* _Assigned task_: When the listing below reaches the line that has "La ruta de acceso", start reproducing exactly; stop after the line that has "活动邀请了年轻教师钟月圆老师", and drop the pictures.

* _Recorded data_:
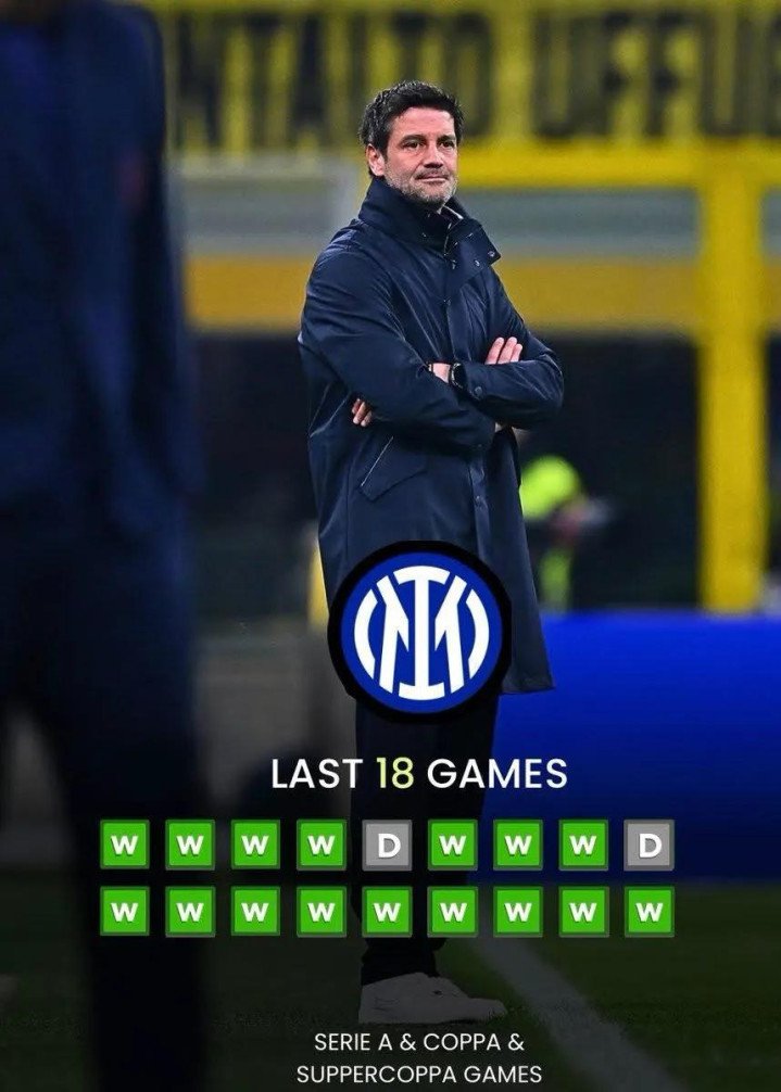 国际米兰在意甲球队球队表现过去18轮不败16胜2平
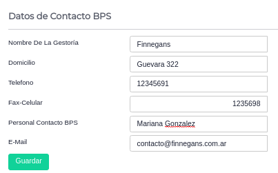 La ruta de acceso es Configuración/Empresas/Datos de Contacto BPS
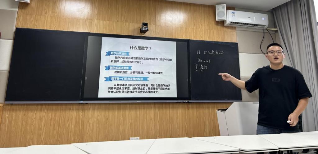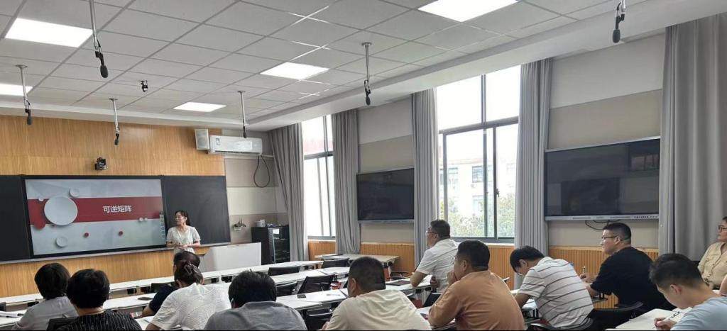 活动邀请了年轻教师钟月圆老师和汪飞飞老师进行了教学展示,钟月圆老师通过“可逆矩阵”教学,展示了教学内容的情景引入、背景、定理以及课堂总结归纳的教学过程。汪飞飞老师则以“什么是数学”为切入点,将抽象的数学与生动的生活实例相结合,使数学变得触手可及、生动有趣。
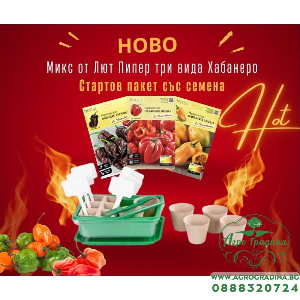 Стартов пакет Микс от лют пипер - три вида Хабанеро Започнете своето приключение в света на лютото с agrogradina.bg и нашия стартов пакет и се насладете на удоволствието от собствено производство на световно известнит... Прочети повече...
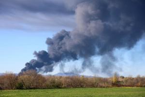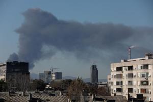 Zagreb, 04.11.2025 - Gusti dim pozara u Svetoj Nedelji vidljiv je u Zagrebu
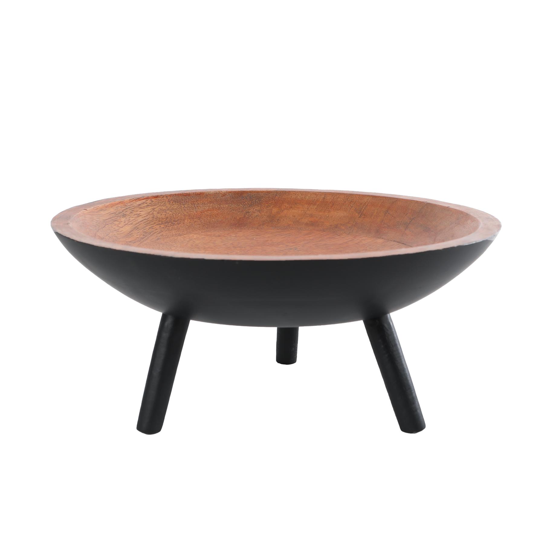 De serveerschaal heeft een verfijnd en eigentijds ontwerp, met een natuurlijke en zwarte afwerking die eenvoudig te integreren is in verschillende interieurstijlen. De pootjes geven niet alleen een mooi visueel effect, maar verhogen ook de schaal, wat handig is bij het serveren.
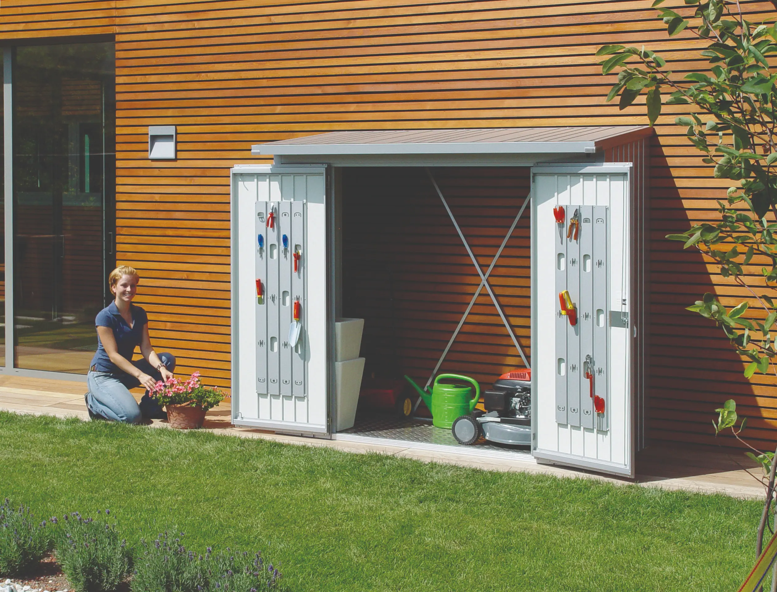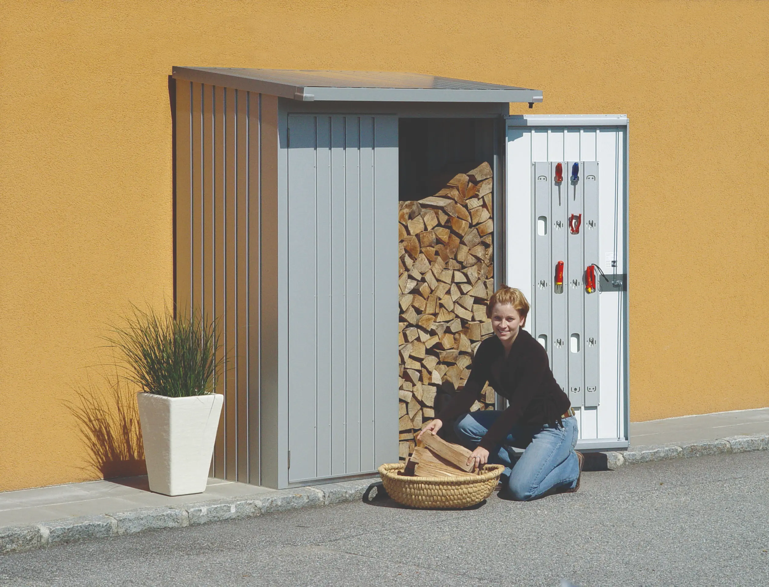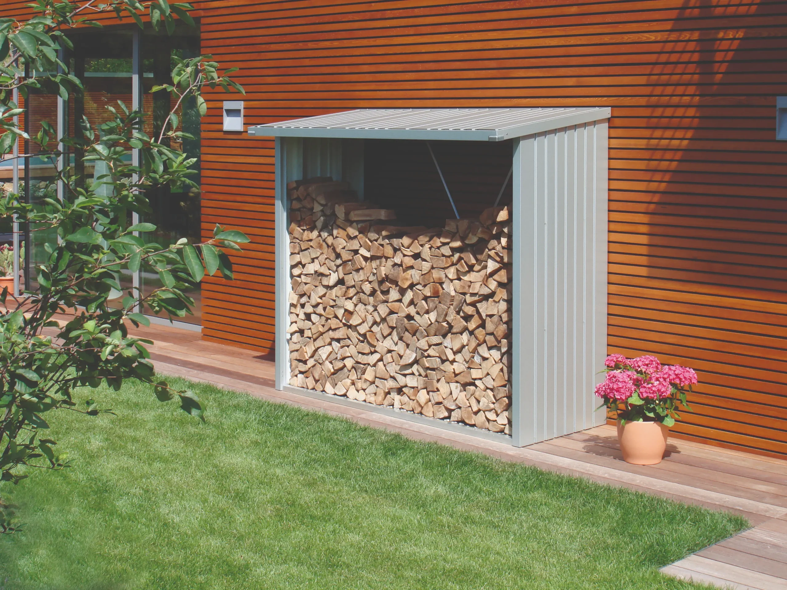 Nada evoca un ambiente más acogedor que un fuego ardiente en la chimenea en un frío día de invierno. Pero, ¿dónde guardar la leña? Nuestro leñero WoodStock® ofrece una solución limpia y duradera a este problema. Durante el verano ofrece mucho espacio para muebles y equipamiento de jardín. Se puede fijar fácilmente a la pared de la casa.
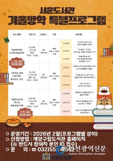 [인천광역신문] 관리자 기자 | 인천 계양구 서운도서관(관장 권문혁)은 2026년 겨울방학을 맞아 어린이를 위한 다양한 특강 프로그램을 운영한다.
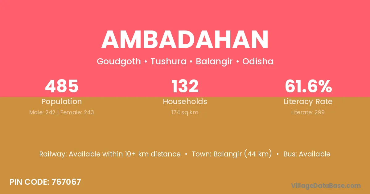 Ambadahan village has a total population of 485 people, of which 242 are males and 243 are females.
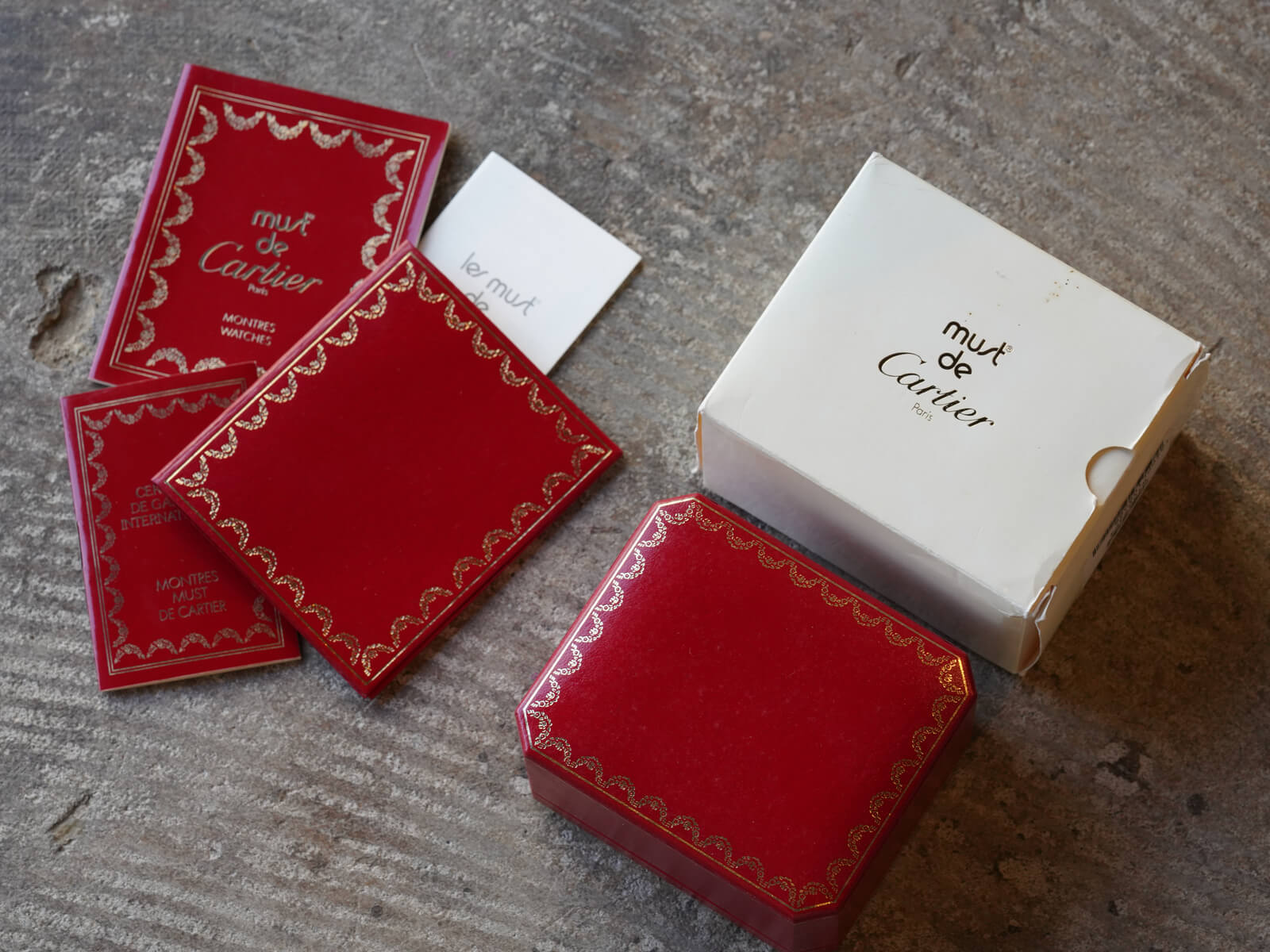 レザーブレスには、当店オリジナルのクロコダイルレザーベルトのシャイニーブラウンをセレクト。貴重なイエローゴールド製純正尾錠と純正ボックスも付属し、とても大切に保管されていた事が伺える、素晴らしい固体です。直線的デザインの多いカルティエの中では珍しく、独特な曲線を持った綺麗な時計です。是非店頭にて御覧ください。

* _Task result_:
 La ruta de acceso es Configuración/Empresas/Datos de Contacto BPS
 活动邀请了年轻教师钟月圆老师和汪飞飞老师进行了教学展示,钟月圆老师通过“可逆矩阵”教学,展示了教学内容的情景引入、背景、定理以及课堂总结归纳的教学过程。汪飞飞老师则以“什么是数学”为切入点,将抽象的数学与生动的生活实例相结合,使数学变得触手可及、生动有趣。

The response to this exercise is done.